▶ [Work order]:
All of the listing must be given again exactly, except that the images are dropped.

----- Dataset section -----

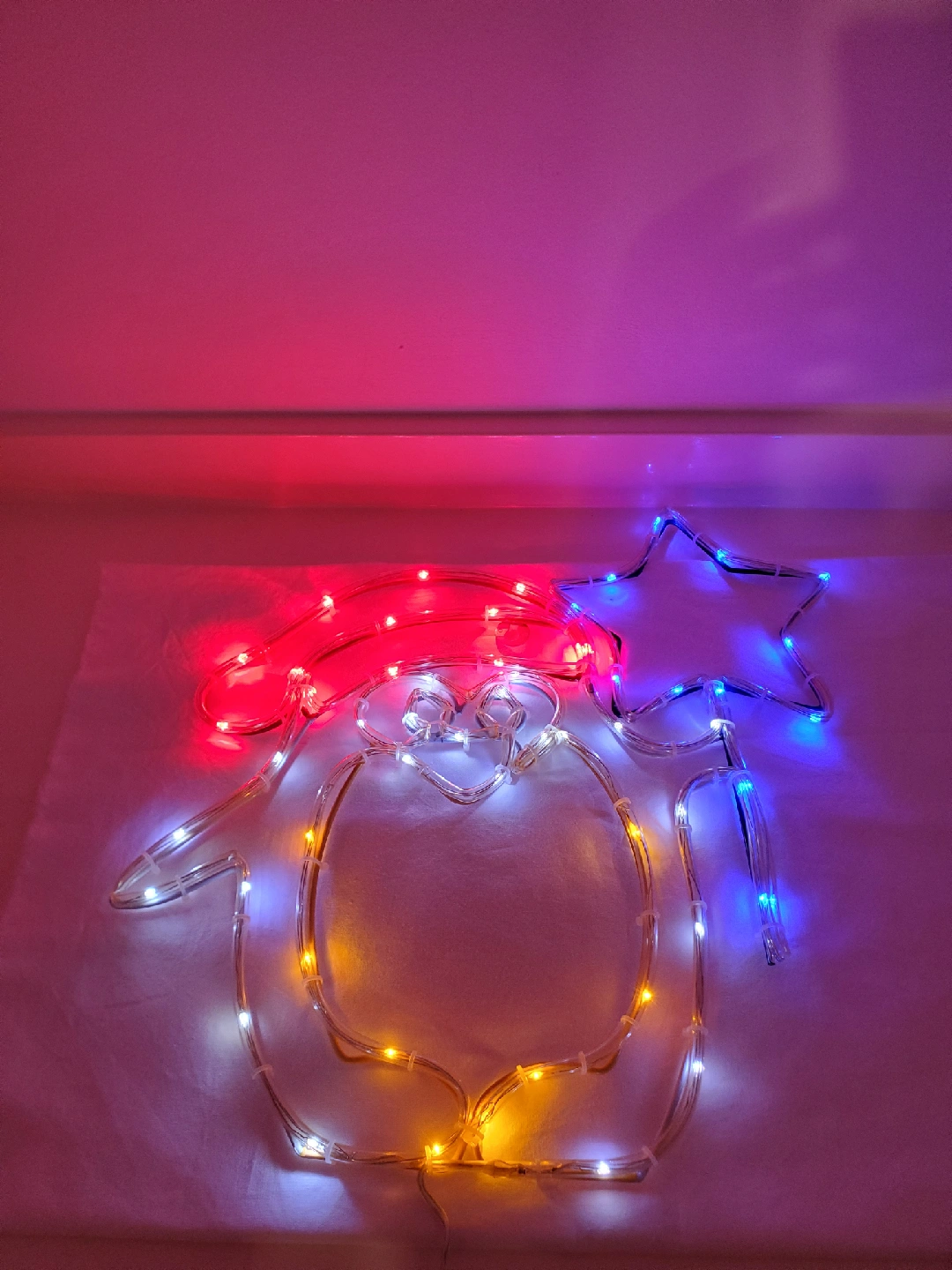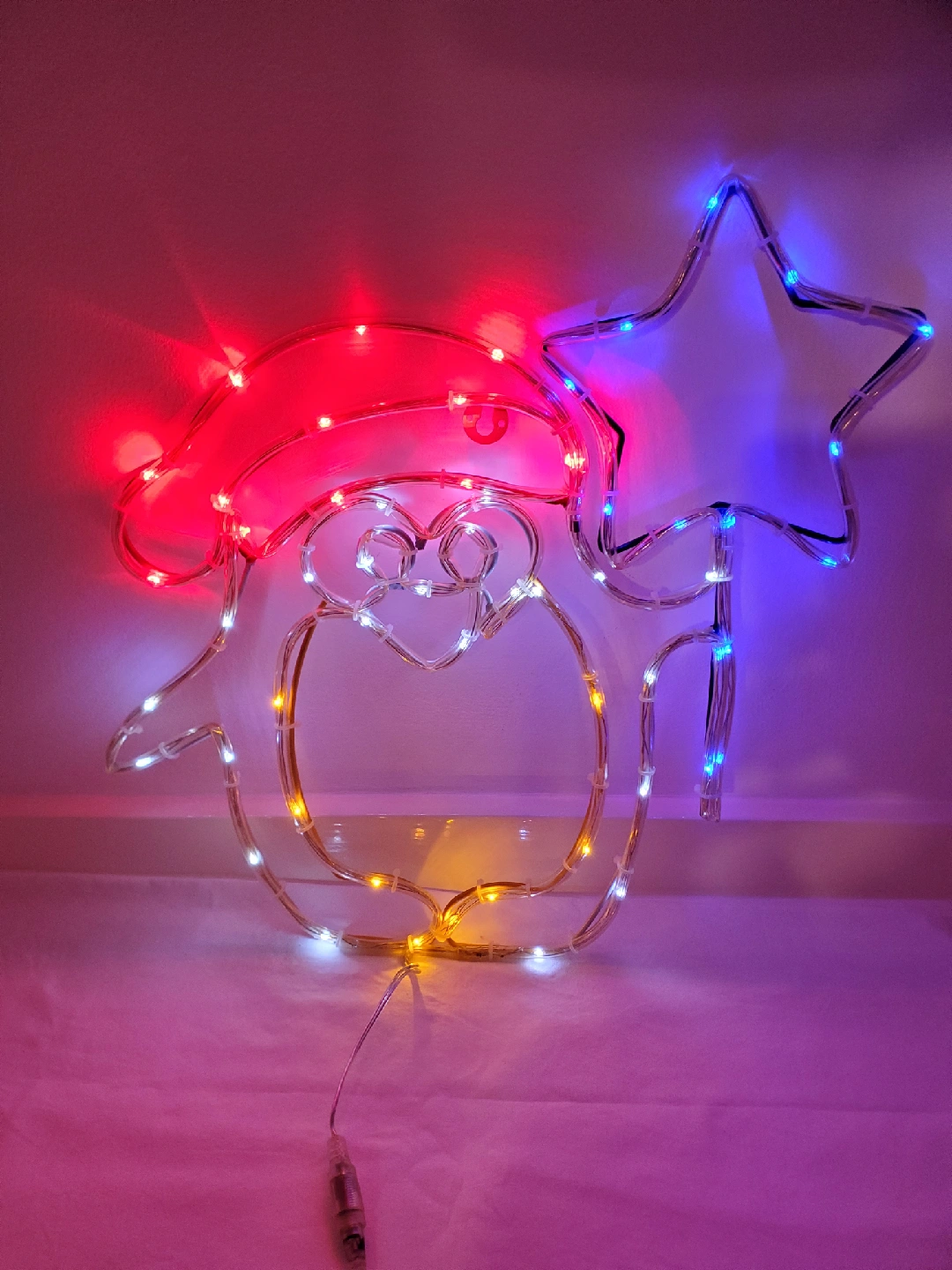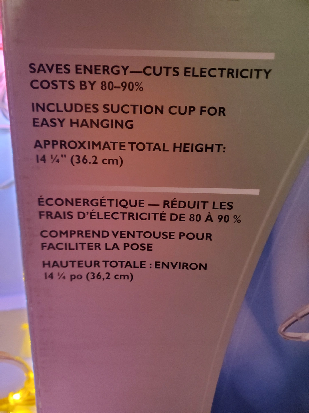 Add a festive touch to your home with this NOMA indoor/outdoor decorative window silhouette! It features a cute design with bright, energy-saving lights. Has a clip for hanging. suction cup is missing.The approximate total height is 14¼" (36.2 cm)
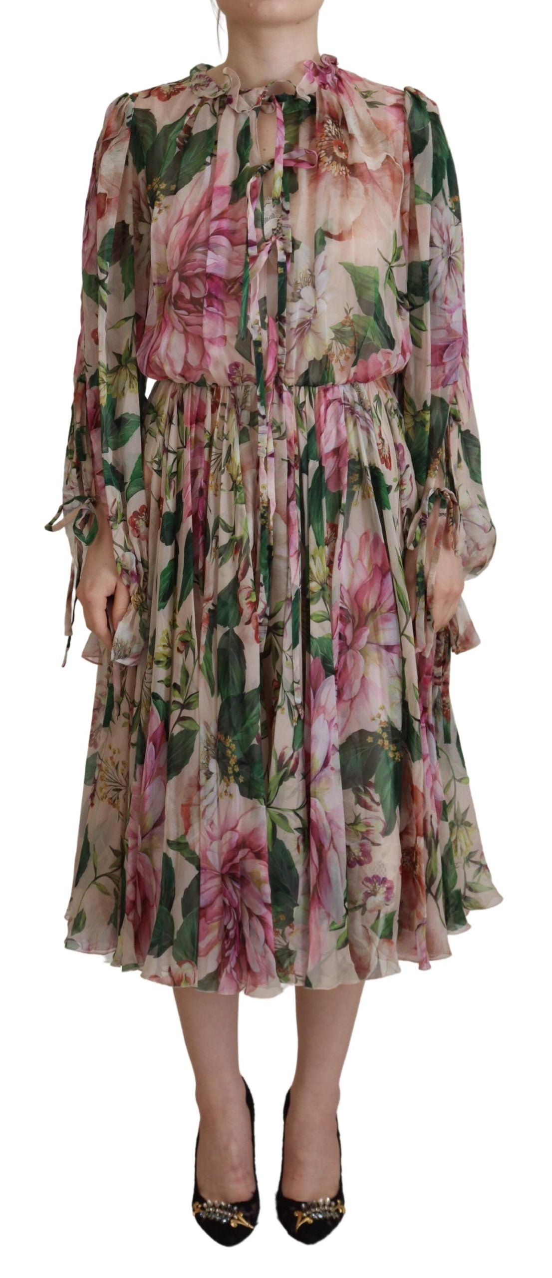 Discover the epitome of elegance with this exquisite multicolor floral print midi dress by Dolce & Gabbana. Imbued with the brand’s signature luxury, this piece is perfect for any sophisticated wardrobe. The dress features a form-fitting silhouette and a convenient zipper closure, all while flaunting the designer’s logo details.
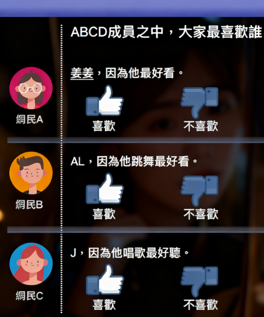 A.留言回覆支持隊長的理由 B.留言否定其他成員
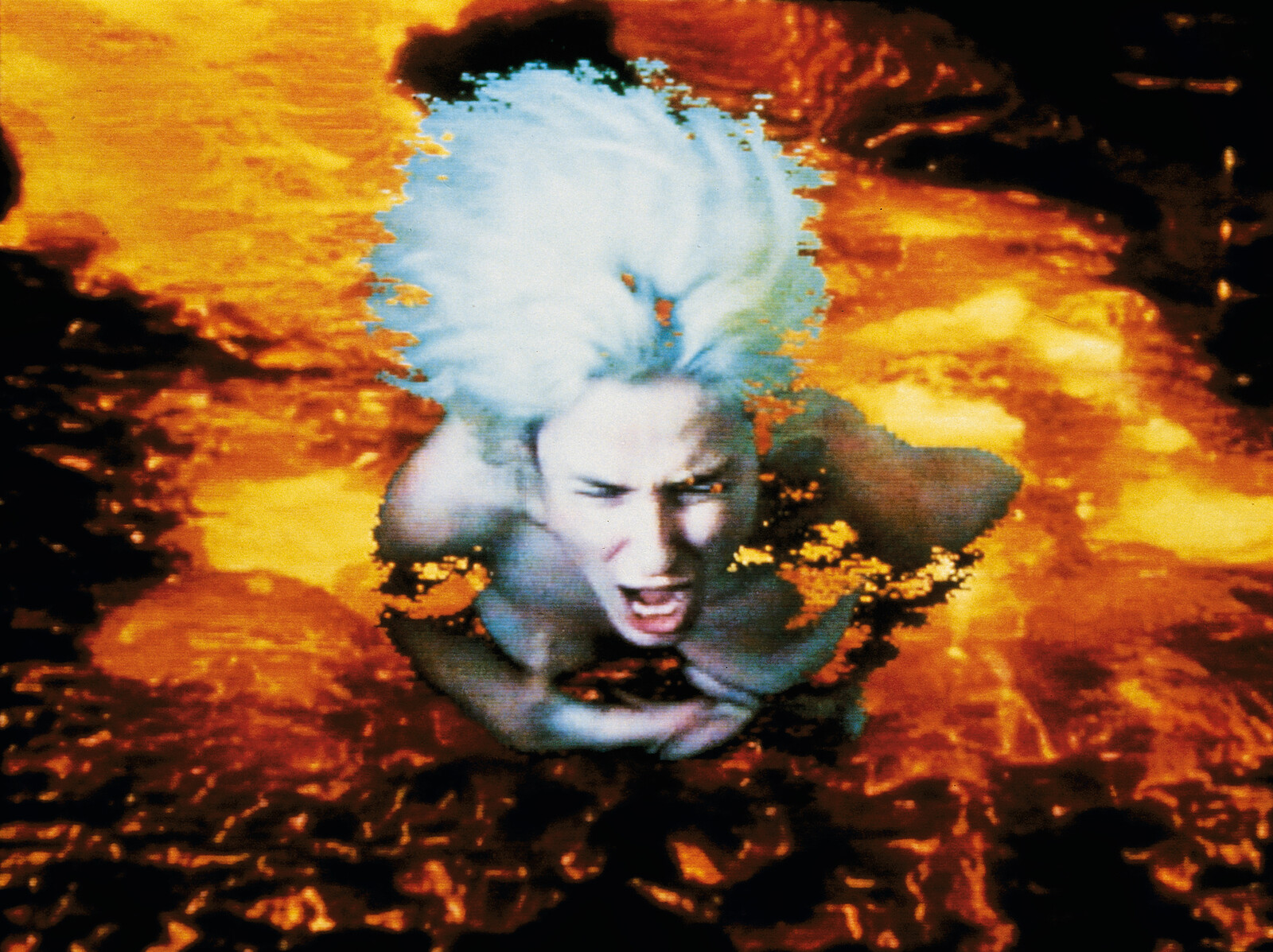 What to do here with one of Rist’s most compelling, most satisfying works? How can it be that Selbstlos im Lavabad [Selfless in the Bath of Lava] (1994) is so tiny yet commands the entire space of this ostensibly big-hearted neighborhood? Why is this shrunken video of Rist with white hair yelling things like “help me!” in several languages while she is being consumed by hellfire here when we first arrive? To say the work is a cautionary tale is an understatement, but we’ll see her again, because we’ll have to pass by her to get out.

-----

▶ [The answer]:
 Add a festive touch to your home with this NOMA indoor/outdoor decorative window silhouette! It features a cute design with bright, energy-saving lights. Has a clip for hanging. suction cup is missing.The approximate total height is 14¼" (36.2 cm)
 Discover the epitome of elegance with this exquisite multicolor floral print midi dress by Dolce & Gabbana. Imbued with the brand’s signature luxury, this piece is perfect for any sophisticated wardrobe. The dress features a form-fitting silhouette and a convenient zipper closure, all while flaunting the designer’s logo details.
 A.留言回覆支持隊長的理由 B.留言否定其他成員
 What to do here with one of Rist’s most compelling, most satisfying works? How can it be that Selbstlos im Lavabad [Selfless in the Bath of Lava] (1994) is so tiny yet commands the entire space of this ostensibly big-hearted neighborhood? Why is this shrunken video of Rist with white hair yelling things like “help me!” in several languages while she is being consumed by hellfire here when we first arrive? To say the work is a cautionary tale is an understatement, but we’ll see her again, because we’ll have to pass by her to get out.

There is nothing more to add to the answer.